Donald Trump is bringing attention to obscure constitutional law once again. From the Foreign and Domestic Emoluments Clauses to the Adjournment Clause, Trump’s actions often involve these lesser-known provisions, prompting newfound expertise from individuals on both sides of the issue who had never delved into these clauses before.
However, one person had already tackled these issues long before they became mainstream: Seth Barrett Tillman. What sets Seth’s scholarship apart is his approach to these topics outside of the current controversies. He argued against the President being subject to the Foreign Emoluments Clause long before a President Trump was even a possibility. This preemptive analysis, done without the bias of current events, holds significant weight in scholarly discussions.

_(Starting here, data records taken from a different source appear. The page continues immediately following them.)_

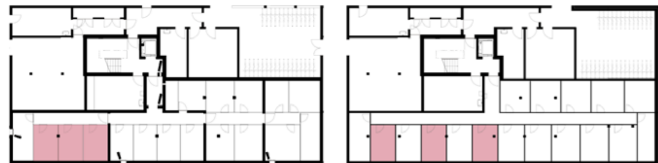
Untergeschossübersicht (Haus 5)
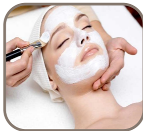
Soins du Visage

Ce soin comprend un démaquillage doux & fruité, un gommage exfoliant, un masque purifiant & un modelage apaisant, hydratant, nourrissant & gourmand pour sublimer votre peau (peut également convenir aux peaux acnéiques)
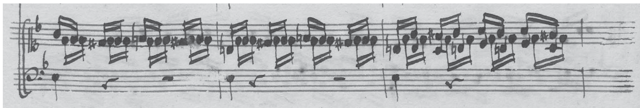
Detail of the Sinfonia from Cantata BWV 146
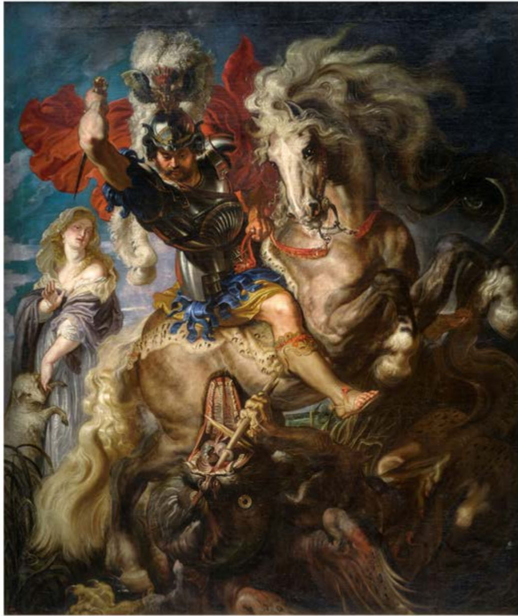
Lucha de San Jorge y el dragón. PEDRO PABLO RUBENS. 1606-1608. Óleo sobre lienzo. Sala 028.

Soy la hija del rey de la ciudad de Silca, en Libia. Os voy a contar mi historia.
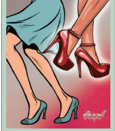
ರೋಮಿಯೋಗಳಿಗೆ ಬಾರಿಸಲು ಒಳ್ಳೆಯ ಗ್ರಿಪ್ ಸಿಗುತ್ತದೆಂದು.
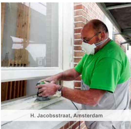
H. Jacobsstraat, Amsterdam
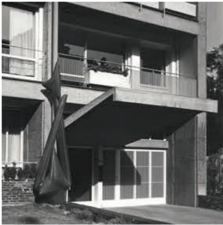
Ingang met sculptuur van Frans Lamberechts. Historische foto

ander publiek aan te trekken. De bovenste inspringende verdieping heeft een monumentale uitkragende pergola.
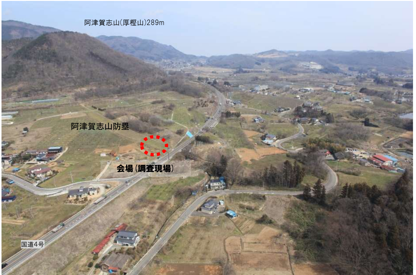
阿津賀志山防塁第16次調査 調査地点
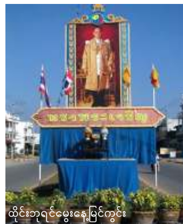
ထိုင်းဘုရင်မွေးနေ့မြင်ကွင်း

ထိုင်းဘုရင်ကြီးက ထိုင်းနိုင်ငံသည် ပြည်သူတို့အတွက် လုံလောက်ပြည့်စုံသော စီးပွားရေးစနစ်လိုအပ်လျှက်ရှိနေသည်ကို ထောက်ပြပြောဆိုပြီး ယင်းကိစ္စကို အကောင်အထည်ဖော်ဆောင်ရွက်ရန်အတွက် ဝန်ကြီးချုပ်အားကတိဘိဇ္ဇာအား လမ်းညွှန်ရန်တိုက်တွန်းပြောဆိုခဲ့သည်။ ယင်းကိစ္စအား လက်ထောက်ဝန်ကြီးချုပ်များက လုပ်ဆောင်နေ
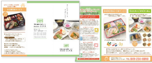
高齢者向けお食事宅配サービス[リーフレット(二つ折り)]
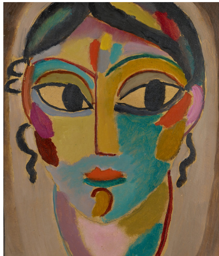
Jawlensky, Mystischer Kopf: Mädchenskopf, 1918

Tekst om udstillingen i uddrag fra Louisianas hjemmeside
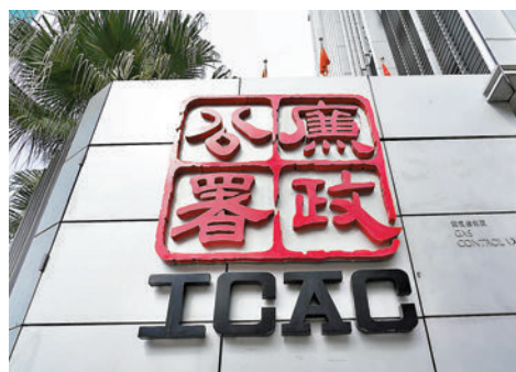
◆廉政公署昨落案控告一名私人屋苑承辦商前清潔監督欺詐、偽造等6項罪名。資料圖片

香港文匯報訊(記者 蕭景源)廉政公署昨日起訴一名現年63歲的私人屋苑承辦商前清潔監督，控告欺詐、偽造等6項罪名，指其涉嫌虛報3名清潔工人的出動紀錄，以欺騙薪金共逾86萬元。被告已獲准保釋，本週三(18日)在屯門裁判法院答辯。
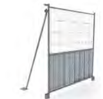
jambe de force à cheviller ou lester
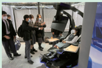
參觀香港生產力促進局
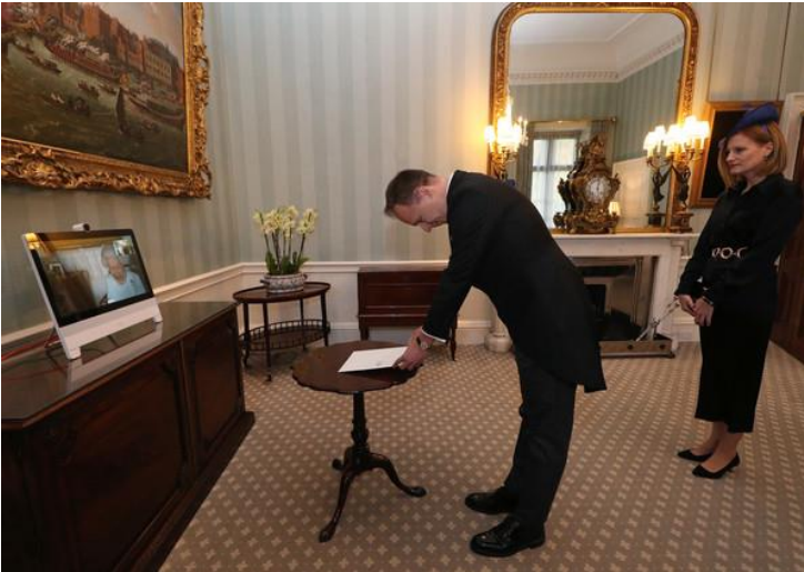
1. Presentation of Credentials

Letters of Recall of his predecessor and his own Letters of Credence as Ambassador from Hungary to the Court of St. James's. Mrs. Kumin was also received by Her Majesty via video link.”
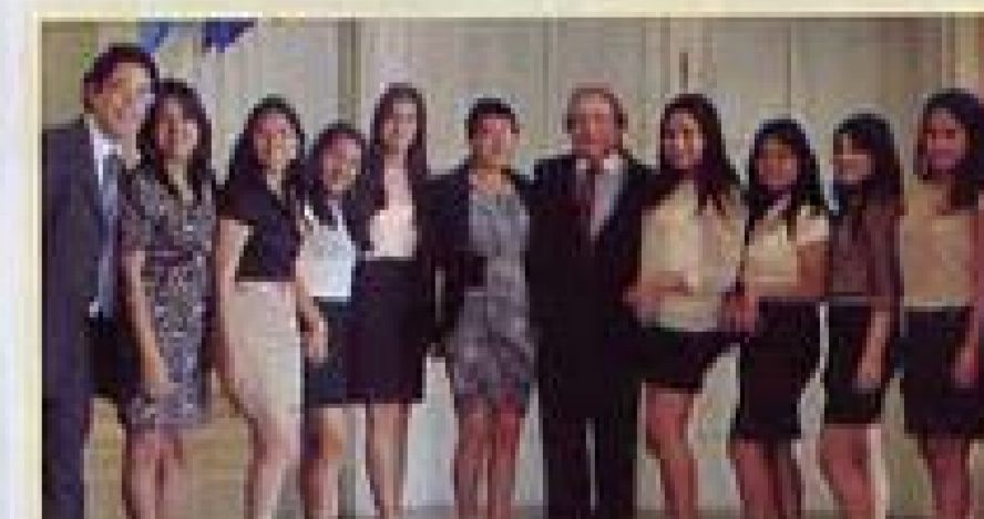
La Delegación de la Universidad Nacional de Trujillo con el Jefe de la Misión Permanente del Perú ante la OEA.
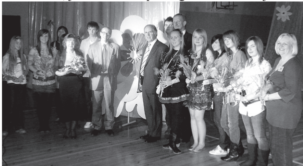
Projekta grupa ar viesiem.
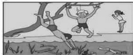
Не прыгайте в незнакомых местах! Не известно, что может оказаться на дне!
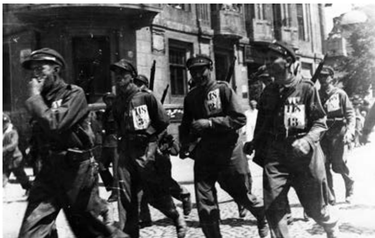
Drużyna Związku Strzeleckiego na trasie V. Marszu Zadwórzeńskiego. Lwów 1931.
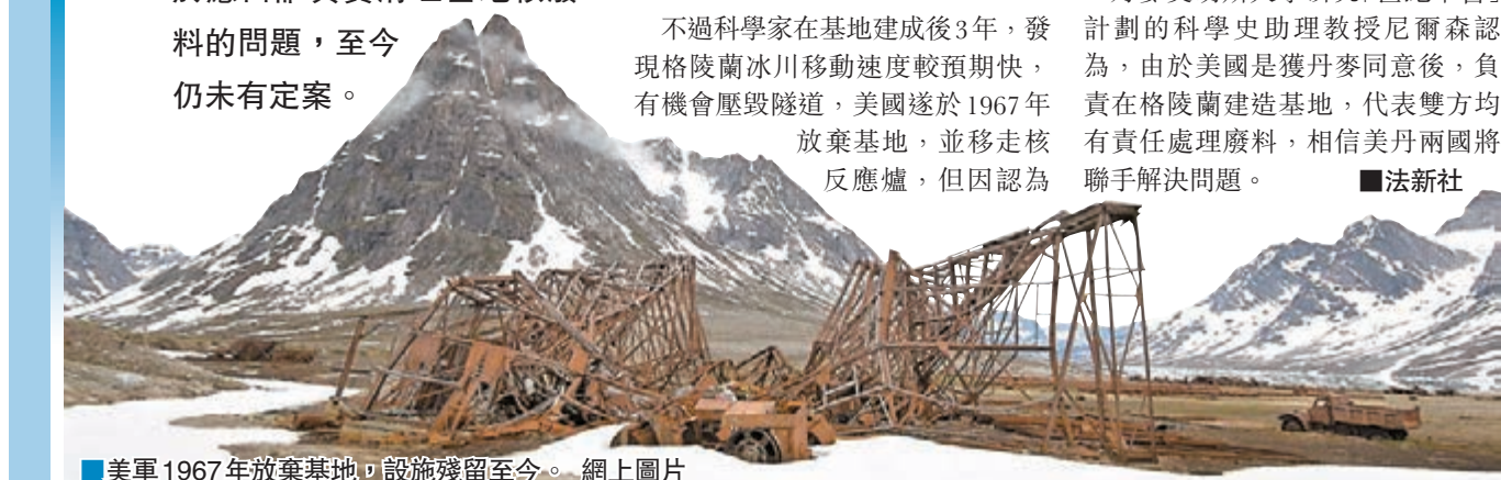
美軍1967年放棄基地，設施殘留至今。網上圖片

丹麥奧胡斯大學研究「世紀軍營」計劃的科學助理教授尼爾森認為，由於美國是獲丹麥同意後，負責在格陵蘭建造基地，代表雙方均有責任處理廢料，相信美丹兩國將聯手解決問題。 ■法新社
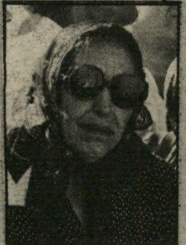
ישעיהו לא הפלה

נה פעולת-גומל למדיניות הקיצוצים כלפי משרד-הבריאות. ההר הוליד עכבר, ובכך, מעט אחת ולתמיד, למען הסדר הטוב: מלכי תחילה לא התכוון גור לחשוף את השמות הכל-כך מבוקשים, מכיוון שדבר כזה הוא בניגוד לאתיקה הרפואית. הרשימה, אגב, מחוץ סי- ציונית מהחושם שנוצר באמצעי- התיקשות. המדובר בהתקציב ב- סדר-גודל של 195 מיליוני שקלים. כשליש מהסכום הזה — 70 מיליוני שקלים — נועדו לטיפול באלמנטו של ישראל ישעיהו המנוח, מי שהיה יושב-ראש הכנסת. לנברת ישעיהו מממנים אחות צמודה, סכום נוסף, קצת יותר קטן, מוקדש לסיעוד אלמנתו של חבר- הכנסת המנוח אהרון גולדשטיין. נהנית נוספת היא חברת- הכנסת לשעבר חיה למדן. כלומר: ללא שום קשר לסוגיה אם אכן מגיע טיפול רפואי בחינם למיוחסים, לכל ימי חייהם. הנהגות העיקריות מהסכום המוקצב לכך, על-פי החוק הנוכחי, אינן נשים שנסעו לאירופה, כדי למתוח את עורן או למנוע הריון בלתי-רצוי, כי אם אלמנות קשישות.
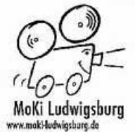
Grafik: MoKi Ludwigsburg

Insgesamt 19 Remsecker Teams sind aktuell gemeldet und freuen sich auf zahlreiche weitere Mitradelnde... sind Sie schon dabei?
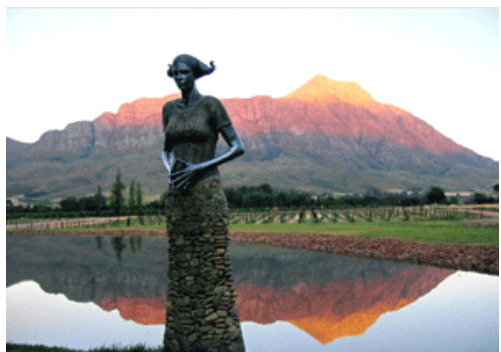
A piece of art at Saronsberg

Vormittags durchqueren wir die Cederberge Richtung Süden. Die Schotter- und Sandpiste zieht sich durch die bizarre, einsame Landschaft dieser Berge, bevor sie die üppig grüne Region der Obstplantagen vor Ceres erreicht. Gegen Mittag kommen wir schließlich im Tulbagh Tal an. Tulbagh ist von bis zu 1.700m hohen Bergen umgeben und bietet dem Weinbau ein ganz besonderes Klima. Hier beziehen wir unsere schön gelegene Unterkunft am Weingut Saronsberg (1 Nacht).
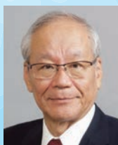
横倉義武共同代表
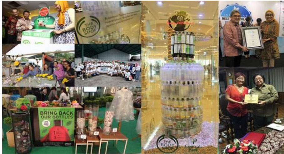
Gambar 1. 1 Kampanye #KerenTanpaNyampah

yang berfokus pada lingkungan, serta menarik perhatian konsumen yang menghargai produk yang ramah lingkungan.
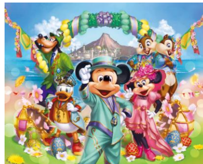
東京ディズニーシー 「ディズニー・イースター」
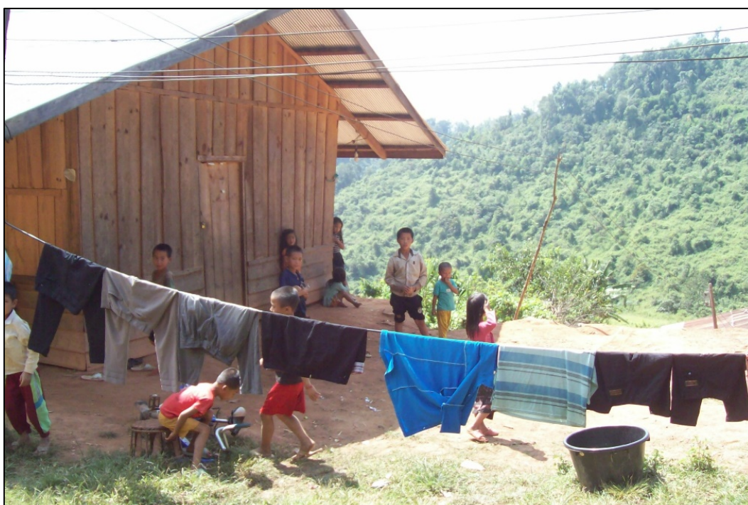
Enfants hmong d'un hameau de bord de route dans la province de Xieng Khouang en 2015
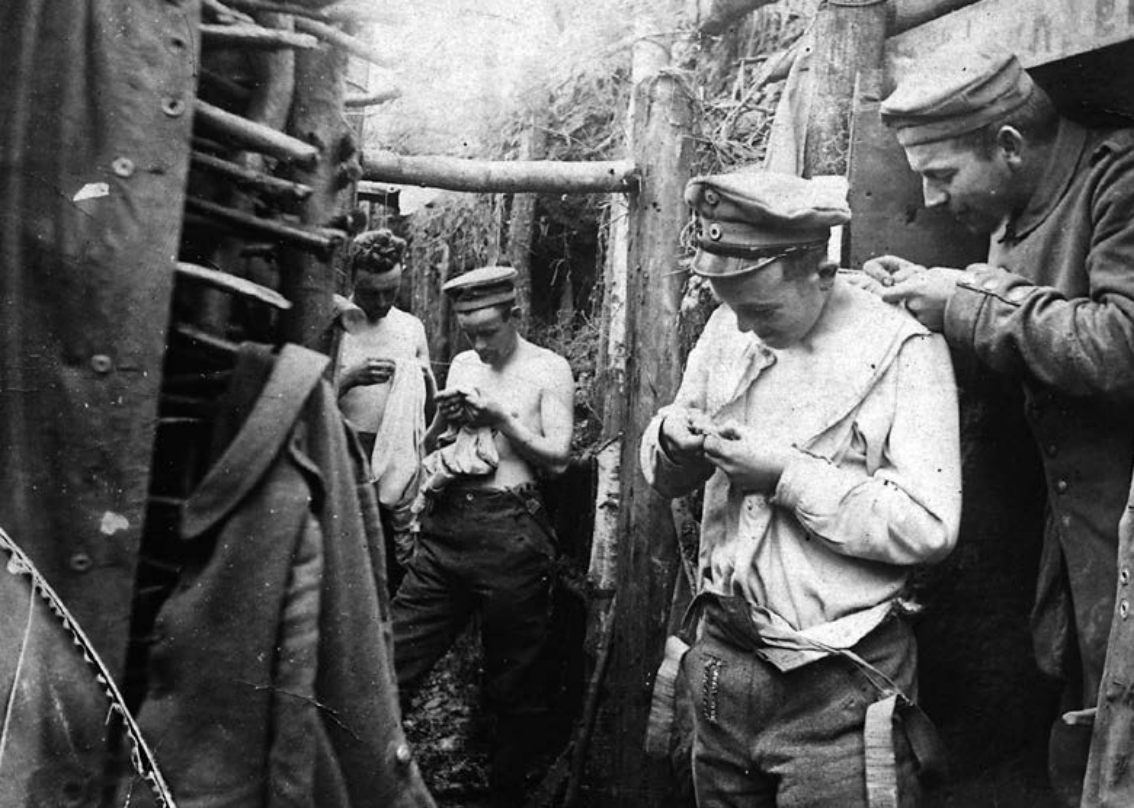
Soldaternes skæbne ved fronten var hovedårsagen til, at den danske regering efter nogen tøven besluttede sig for at naturalisere de hjemløse. Her ses fire soldater i et fredeligt øjeblik i en skyttegrav i færd med aflusning. En menig tjekker kraven på en underofficer.

Tyskland, kunne de tidligere have haft ophold i Danmark og derigennem have aftjent dansk værnepligt. Desuden havde landråden i Haderslev i 1911 opfordret de hjemløse til at lade sig melde til den danske hær, 34 hvad der dog i almindelighed ikke var muligt ifølge dansk ret. Gruppen af hjemløse, der havde aftjent dansk værnepligt, kan ud fra antallet af naturaliserede ifølge Majloven anslås til nogle få hundrede mænd. Sagen blev senest bragt på bane den 1. januar 1916, og her mente gesandt Moltke, at den burde løses ved forhandling med Tyskland. 35 I starten drejede sagen sig konkret om udstedelse af såkaldte hjemstedsbeviser til hjemløse, som havde aftjent værnepligt i den danske hær, men udstedelse af et sådant hjemstedsbevis ville reelt være en af Danmark udstedt fritagelse fra tysk værnepligt, hvilket åbenlyst indeholdt en fare for at skabe "misstemning" de to lande imellem. Danmark indtog det standpunkt, at Tyskland ikke burde indkalde denne bestemte gruppe af hjemløse, da de burde stå til rådighed for den danske hær –
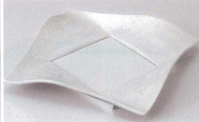
103-102-8 3,900円 パールラスター7.5盛鉢(22.5×22.5×4) 510220108
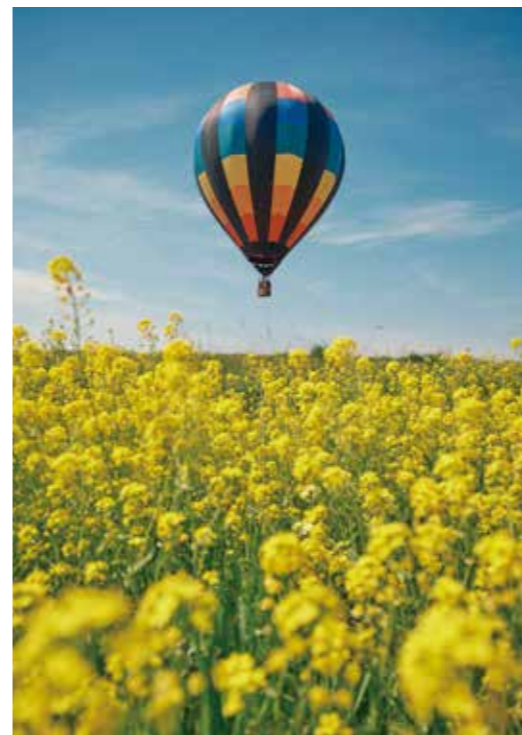
熊谷さくら祭 熱気球搭乗体験

早咲きの桜として知られ、テレビでも紹介される石上寺の熊谷桜や、旧熊谷堤万平公園の桜など、市内には多くの桜の名所があります。散策にぴったりの小江川1000本桜（江南地区）や、お子さま連れには桜リバーサイドパーク（大里地区）もおすすめです。熊谷さくら祭の期間はぜひ長く滞在して、桜巡りを楽しんでください！
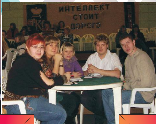
Победа в играх клуба "Что? Где? Когда?"
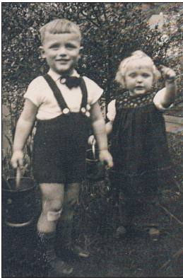
Bubi und Didi

Bereits vor meiner Geburt wohnten wir in Dillenburg. Der Umzug war durch den Beruf meines Vaters nötig geworden. Meine Mutter trauerte ihr Leben lang um Kassel, in dieser so schönen Stadt wohnte sie so gern.
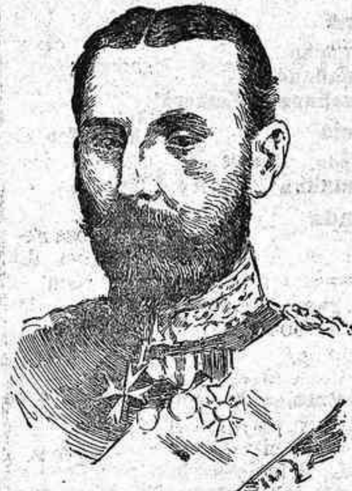
El Príncipe Enrique de Battenberg, padre de la Reina Victoria Eugenia

Un año y medio no basta para conocer á fondo el magnífico, el riquísimo idioma de Cervantes. Pero cediendo á la invitación amable de mi querido ami-
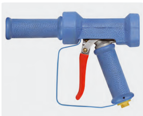
Pistolet avec jet à réglage progressif. Anse de sécurité. Max. 24 bar / 100 l/min / 95 °C
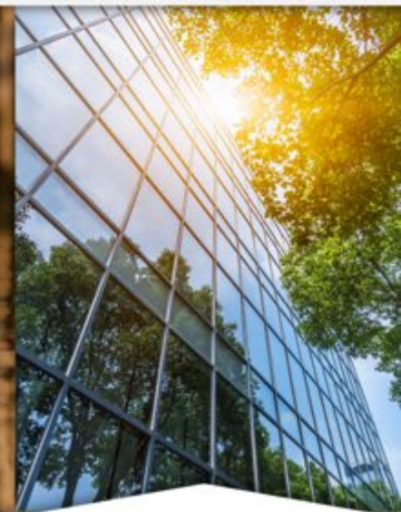
Participación del sector privado en la transición ecológica
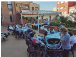
Celebració de la Diada de Sant Joan
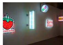
3 / Hsia Fei CHANG "Urumqi" Magasin violet et or 7 rue d'Aurillac
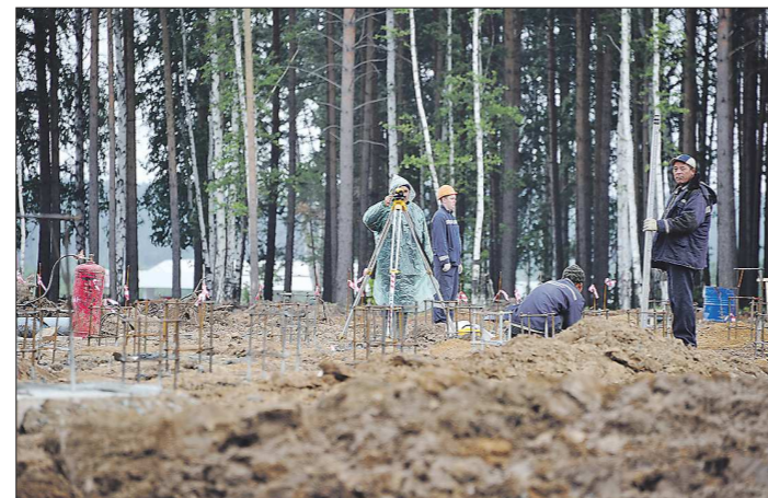
На каждый земельный участок должна быть составлена отдельная декларация

Переоценку земель проводят для того, чтобы привести кадастровую стоимость участков в соответствие рыночным ценам. Они в последнее время существенно выросли: по оценкам аналитиков, за год рост составил 10–20 процентов.
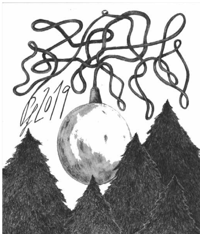
PF Anežky Jirasové, žákyně řevnické ZUŠ
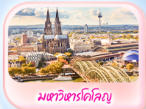
มทาวีซาร์โคโลญ
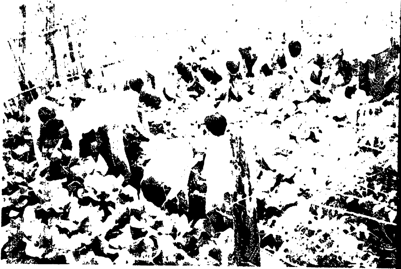
Un grupo de alumnos asociado al Club 4.5, desarrollan prácticas agrícolas supervisadas, en forma cooperativa, en el proyecto de un socio.
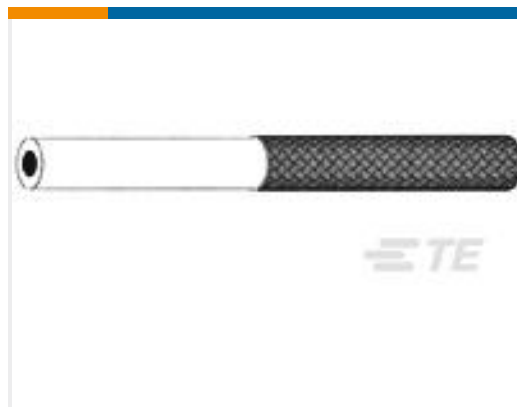
TE 产品编号1384453002 RAY-103-20.0(50)
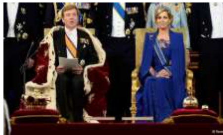
Jetzt König: Willem-Alexander und Königin Maxima

Nearly two decades ago, Seth engaged in a scholarly exchange with Professor Brian Kalt on recess appointments, the Adjournment Clause, and the Convening Clause in the Northwestern Law Review Colloquy. This exchange predated the landmark case of Noel Canning by several years.
In the first installment, Seth proposed a method for terminating a recess appointment by the Senate, shedding light on a little-discussed aspect of constitutional law. Even in recent debates over the Adjournment Clause, Seth’s insights on terminating recess appointments were notably absent.
Seth’s early analysis of the President’s power to convene Congress and make recess appointments in the interim between sessions raised important questions that continue to be relevant today. This foresight, demonstrated in his discussions with Professor Kalt, challenges conventional interpretations of presidential authority in legislative proceedings.
While recent debates have focused on the President’s ability to adjourn Congress, Seth’s work highlights the equally significant power to convene Congress and potentially create a new session for recess appointments. These nuanced discussions, rooted in historical precedent and constitutional text, offer valuable insights into the complexities of executive-legislative interactions.
In his responses to Professor Kalt’s critiques, Seth further elucidates the intricacies of defining a “session,” “recess,” and “adjournment” in the context of terminating recess appointments. By drawing on historical sources and legal precedents, Seth challenges assumptions about the Senate’s unilateral power to terminate sessions and underscores the importance of understanding these terms in the context of constitutional interpretation.
Jefferson does not discuss the option of the President adjourning Congress in the event of a disagreement between the chambers. However, Article II, Section 3 of the Constitution clearly states that this is the alternative to a “joint vote.”
I value this insightful discussion because it took place almost twenty years ago, at a time when the outcomes of the theories were still unknown.